Publication of the Scheme Document

LONDON, England – September 28, 2021 – (GLOBE NEWSWIRE) On July 1, 2021, the board of directors of Atotech Limited (NYSE:ATC) (“Atotech”) and the board of directors of MKS Instruments, Inc. (NASDAQ:MKSI) (“MKS”) announced that they had entered into a definitive agreement pursuant to which MKS would acquire the entire issued and to be issued share capital of Atotech (the “Acquisition”). The Acquisition is to be effected by means of a scheme of arrangement under Article 125 of the Companies (Jersey) Law 1991 (as amended).

Publication of the Scheme Document

Atotech is pleased to announce that the scheme document containing the full terms and conditions of the Acquisition (the „Scheme Document„), together with the related Forms of Proxy and the Virtual Meeting Guide, is being sent to Atotech Shareholders today and will be made available on Atotech’s website at

Capitalised terms defined in the Scheme Document have the same meanings in this announcement.

Notices of the Court Meeting and General Meeting

As described in the Scheme Document, to become effective, the Scheme will require, amongst other things, the approval of Scheme Shareholders at the Court Meeting, the passing of the Resolutions at the General Meeting and the subsequent sanction of the Court. The Scheme is also subject to the satisfaction or waiver of the Conditions and further terms that are set out in the Scheme Document.

Notices of the Court Meeting and the General Meeting, each of which will be held at the offices of Latham & Watkins (London) LLP located at 99 Bishopsgate, London EC2M 3XF, United Kingdom on November 3, 2021, are set out in the Scheme Document. The Court Meeting will start at 10.00 a.m. (Eastern Time) / 2.00 p.m. (London Time) on that date and the General Meeting at 10.15 a.m. (Eastern Time) / 2.15 p.m. (London Time) or as soon thereafter as the Court Meeting is concluded or adjourned.

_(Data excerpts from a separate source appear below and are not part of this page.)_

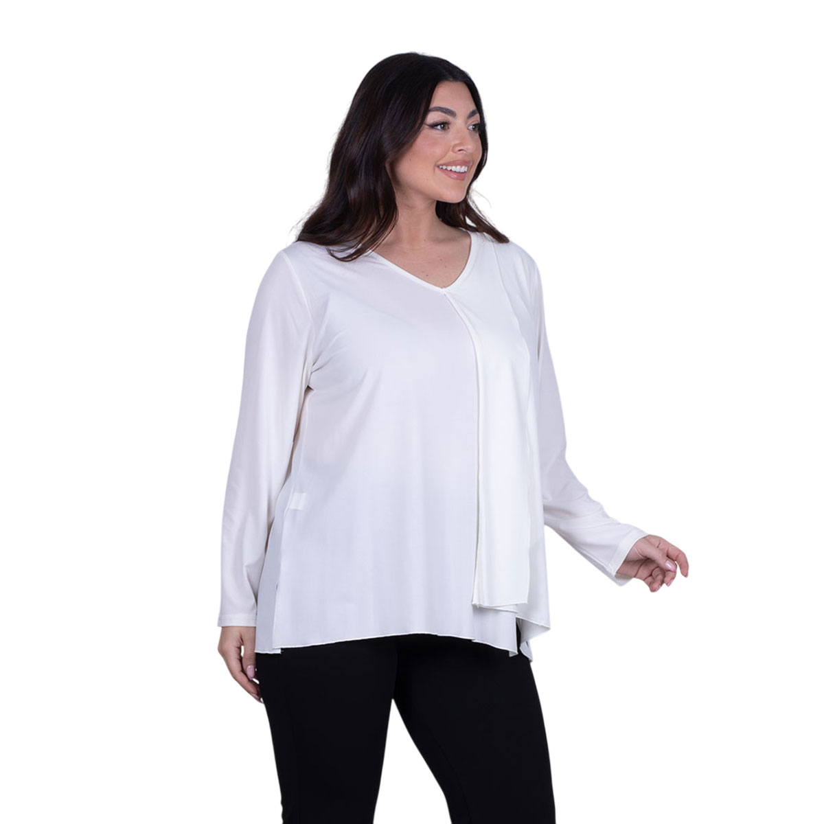 Gomore, εντυπωσιακή, μπλούζα, λευκή, γυναικεία, μακρυμάνικη, από λεπτό ύφασμα, καθημερινή, με μικρή ασυμμετρία, ντεκολτέ και σχέδιο κουφόπιετα. Φοριέται κατά τη διάρκεια όλης της ημέρας, μα και σε πιο ιδιαίτερες εμφανίσεις, με τα κατάλληλα αξεσουάρ και παπούτσια !!!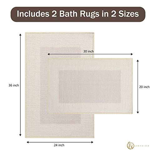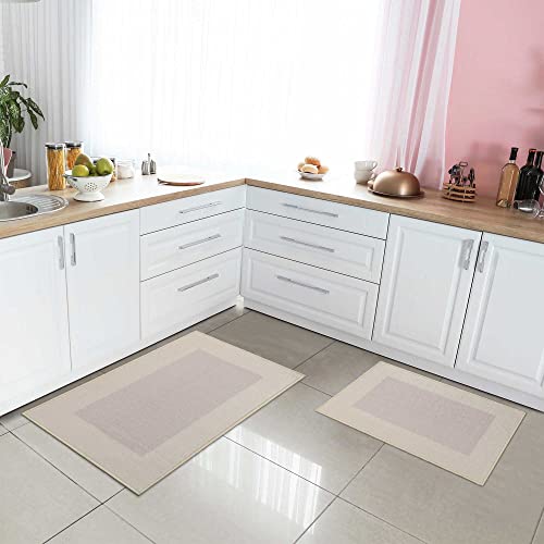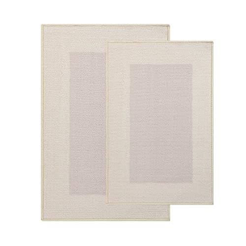 Superior Nylon Kitchen Mat Set, Small Washable Area Rugs, Non-Slip Backed Rugs, Low Height Easily Slides Under Doors, Neutral Home Decor, Hardwood/Tile Floor Accent Rug, Troy Collection, Cream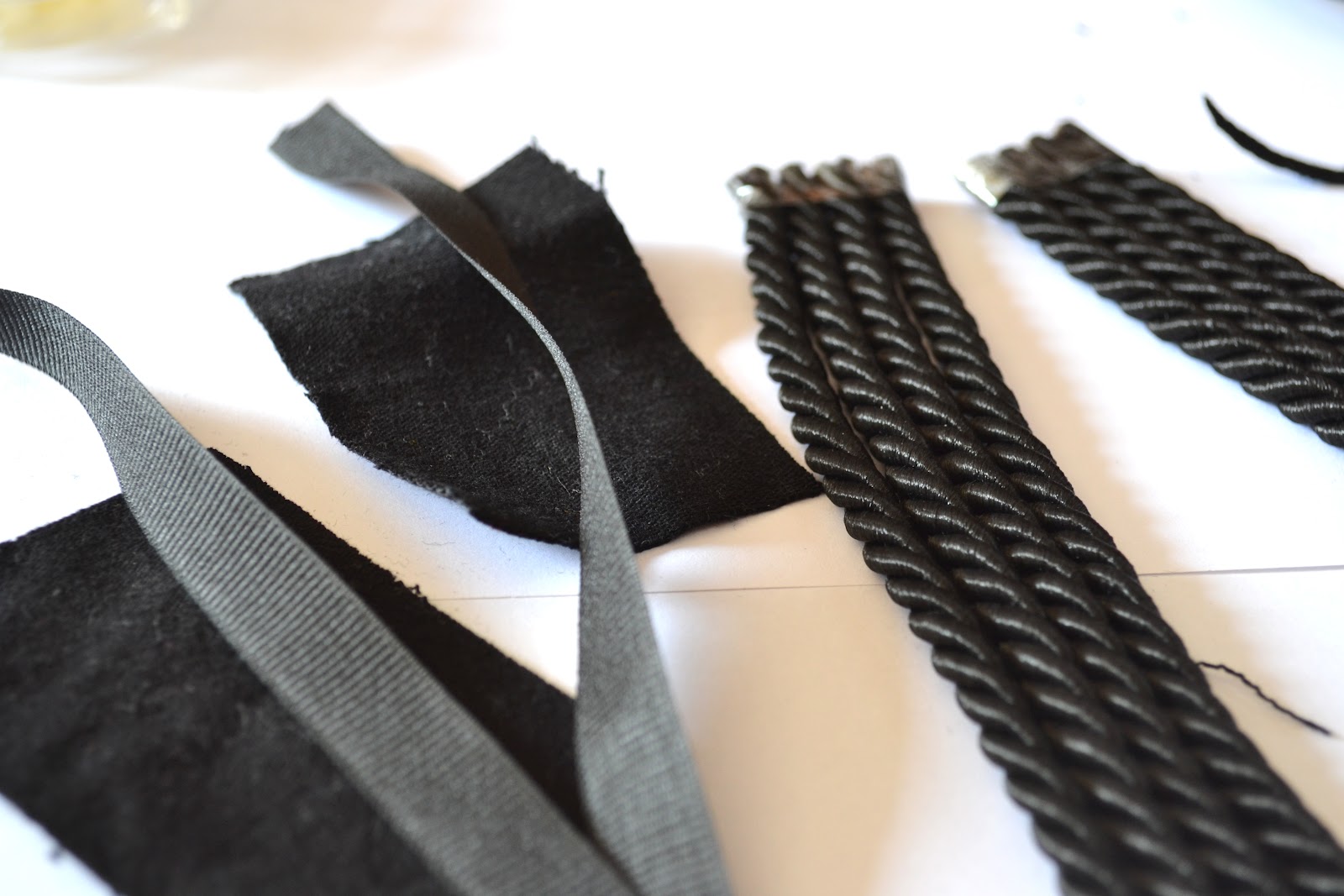 I used black Fimo Soft polymer clay. I also used black chain from a broken necklace, lobster clasp for closure, eye hook screws and nail files.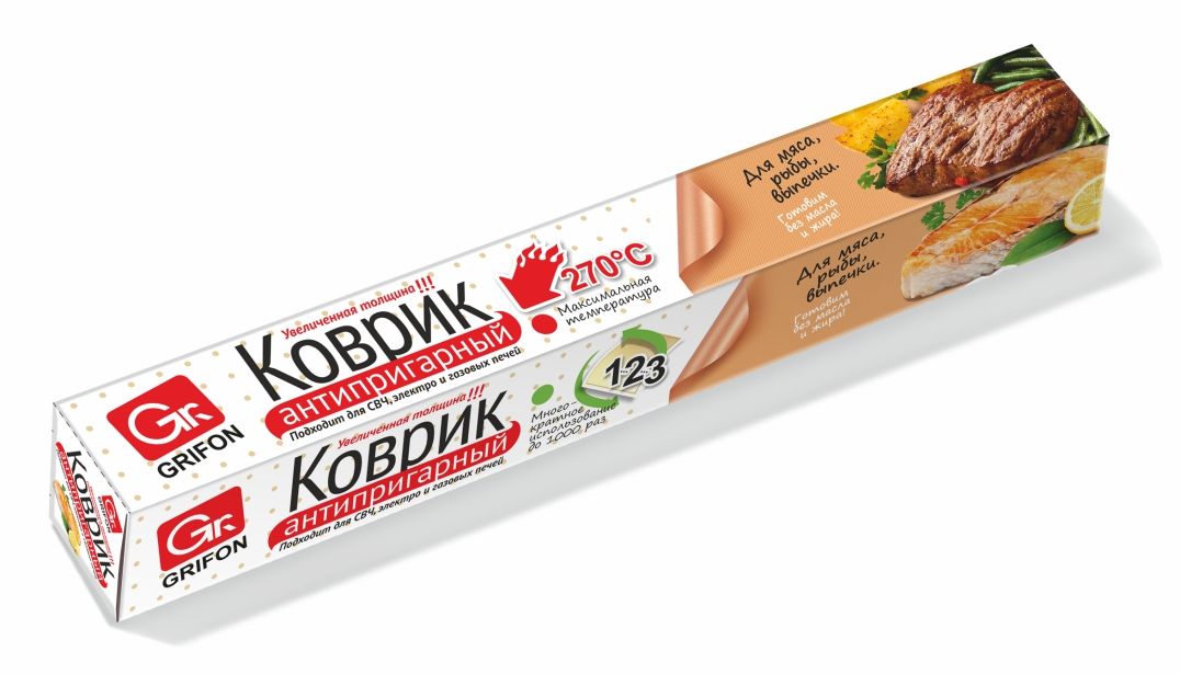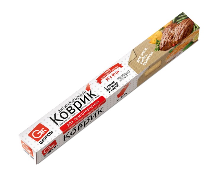 Хотите приготовить вкусное блюдо без использования масла и жира и при этом оставить ваш противень чистым? Воспользуйтесь антиприграным ковриком от компании GRIFON! Размеры коврика (33 х 40 см) идеально подходят для использования на стандартных противнях. У антипригарного коврика прекрасные прочностные характеристики, его можно использовать до 1000 раз. Антиприграный коврик GRIFON предотвращает пригорание и прилипание благодаря тефлоновым волокнам, помогает сохранить все полезные свойства продуктов и их изумительный вкус. Предназначен для выпечки и приготовления любых блюд: пиццы, мяса, рыбы и других продуктов. Коврик легко моется и не впитывает запахи. С его помощью вы можете с легкостью переходить от приготовления одного блюда к следующему рецепту, при этом помыть гибкий коврик в кухонной мойке гораздо проще и удобнее, чем противень духового шкафа. Для длительного использования нужно следовать простым правилам: нельзя сгибать, надламывать и надрезать коврик.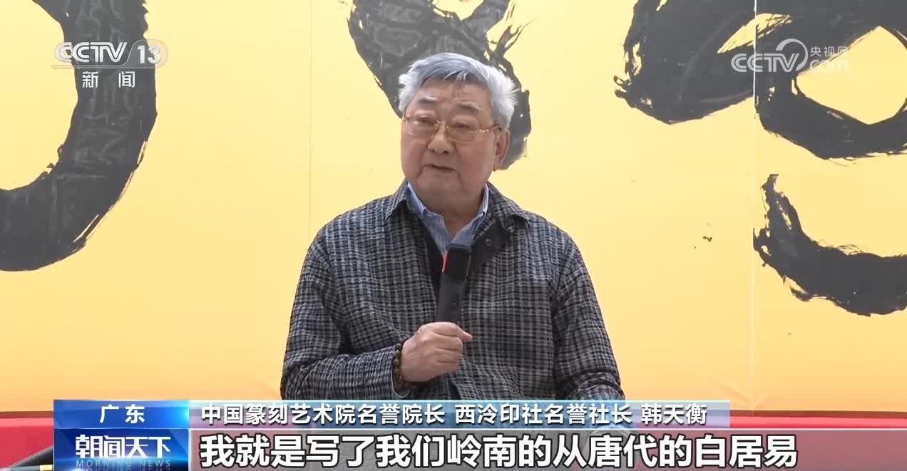 中國篆刻藝術院名譽院長、西泠印社名譽社長 韓天衡:我就是寫了我們嶺南的從唐代的白居易、宋代的蘇軾、明清的一些大詩人,寫了17首他們歌頌荔枝的詩。從各個角度反映了我們廣東的風土人情,他們對廣東的那種深厚的情感,跟對廣東人的歌頌。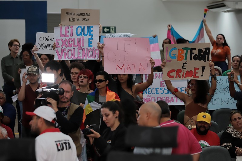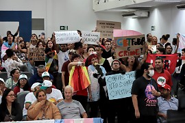 Manifestantes lotaram o plenário em manifestação ao projeto que proíbe pessoas trans de utilizarem banheiros femininos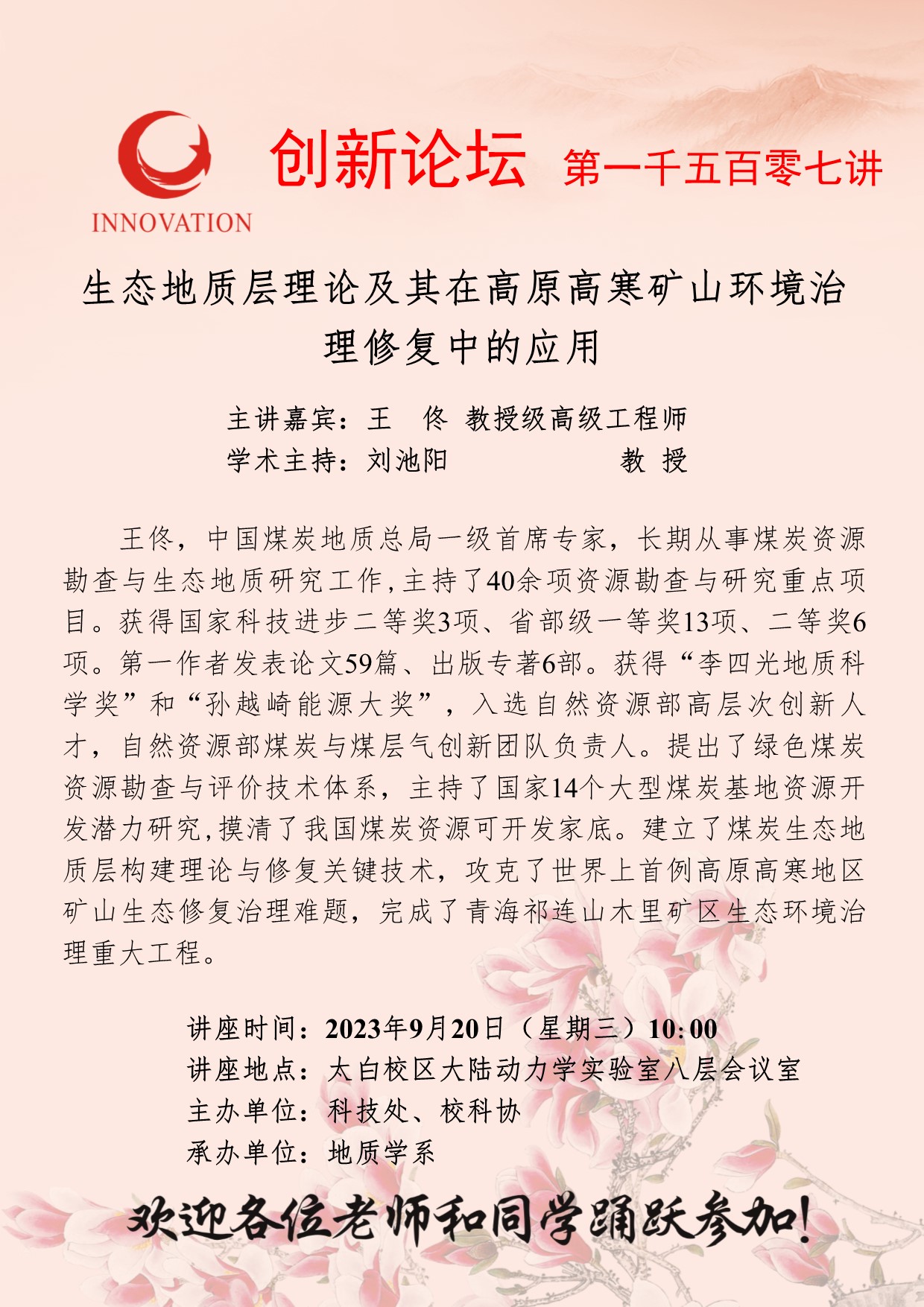 王佟 教授级高级工程师 8868体育登录创新论坛第一千五百零七讲:生态地质层理论及其在高原高寒矿山环境治理修复中的应用 讲座时间 2023年9月20日(星期三)10:00 讲座地点 太白校区大陆动力学实验室八层会议室 讲座人介绍 王佟 教授级高级工程师 讲座内容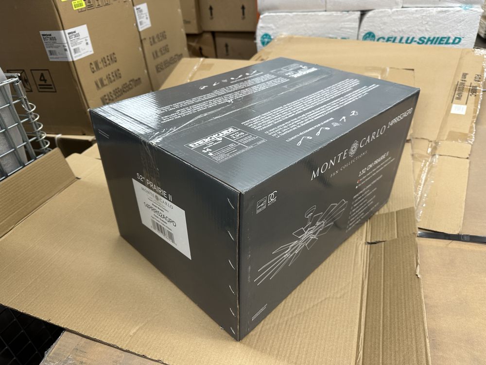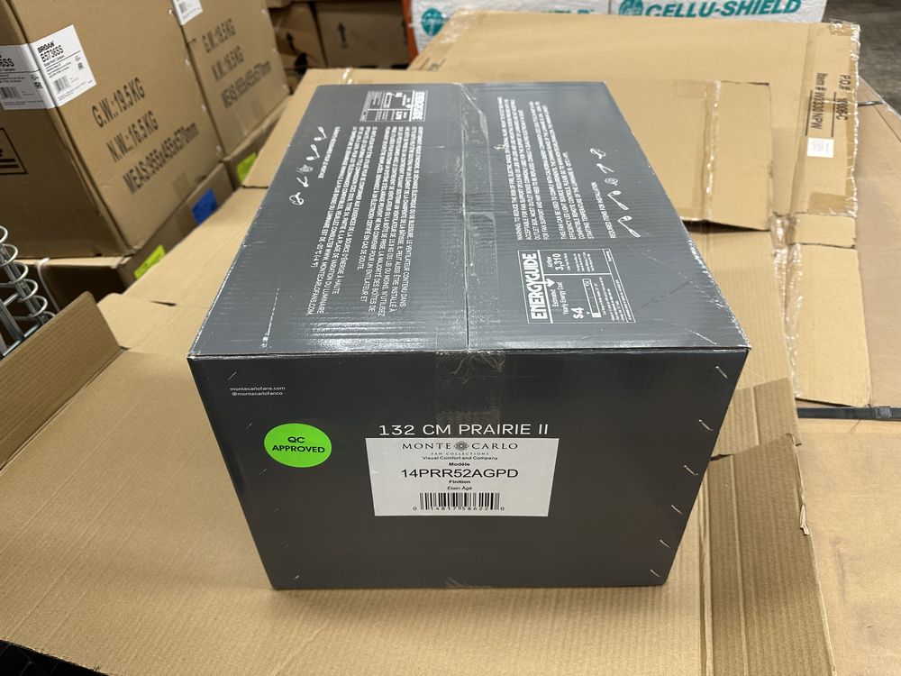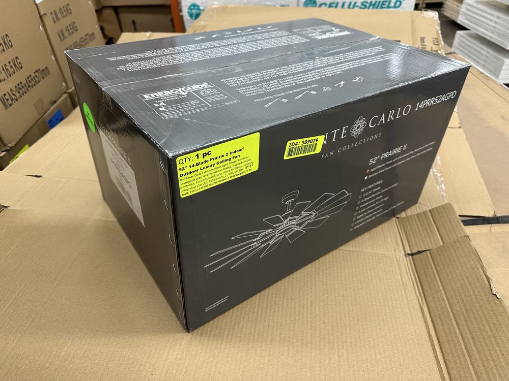 52" 14-Blade Prairie 2 Indoor/Outdoor Luxury Ceiling Fan MSRP: $1199. By Monte Carlo Fan Collections, Aged Pewter Finish W/Distressed Grey Weathered Oak Blades, 6-Speed Remote Controled, Frosted Lexan Shade, Rated For Damp Locations, Integrated 15w LED, 740 Lumens, 2,700K, CRI 90+ Grade: A,This is a liquidated product. Any pre-existing retail, wholesale or manufacturer warranties will not transfer with the sale of this Product unless expressly stated otherwise. Weight: 29. Sold by: Piece. Sold as: Quantity X Price. Inventory #: 24102-14PRR52AGPD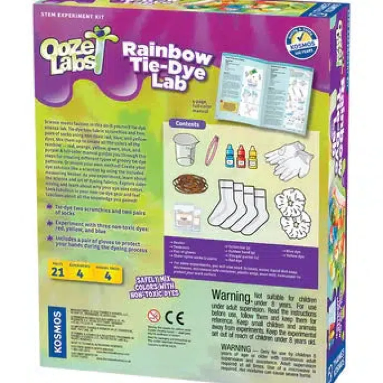 Science meets fashion in this make-your-own tie-dye science lab. Tie-dye two fabric scrunchies and two pairs of socks using non-toxic red, blue, and yellow dyes. Mix them up to create all the colors of the rainbow — red, orange, yellow, green, blue, and purple! A full-color manual guides you through the steps for creating different types of groovy tie-dye patterns. Or invent your own method! Create your dye solution like a scientist by using the included measuring beaker. As you go, learn about the science and art of dyeing fabrics. Explore color mixing and learn about why your eye sees colors. Look fabulous in your new tie-dye gear and feel fabulous about all the knowledge you gained!

The Atotech Board notes the ongoing measures imposed by various governments and federal and state authorities (including in the US, the UK and Jersey) in view of the ongoing COVID-19 pandemic. In light of these measures, together with the uncertainty as to any additional and/or alternative measures that may be put in place by the governments of, or federal or state authorities in, the US, UK and Jersey, and in order to protect the health and safety of Atotech Shareholders and Atotech Directors, Scheme Shareholders and Atotech Shareholders are strongly encouraged not to attend the Meetings in person and are instead encouraged to attend the Meetings remotely via the Virtual Meeting Platform and to transmit a proxy appointment and voting instruction in advance of the Meetings, appointing “the Chair of the meeting” as their proxy.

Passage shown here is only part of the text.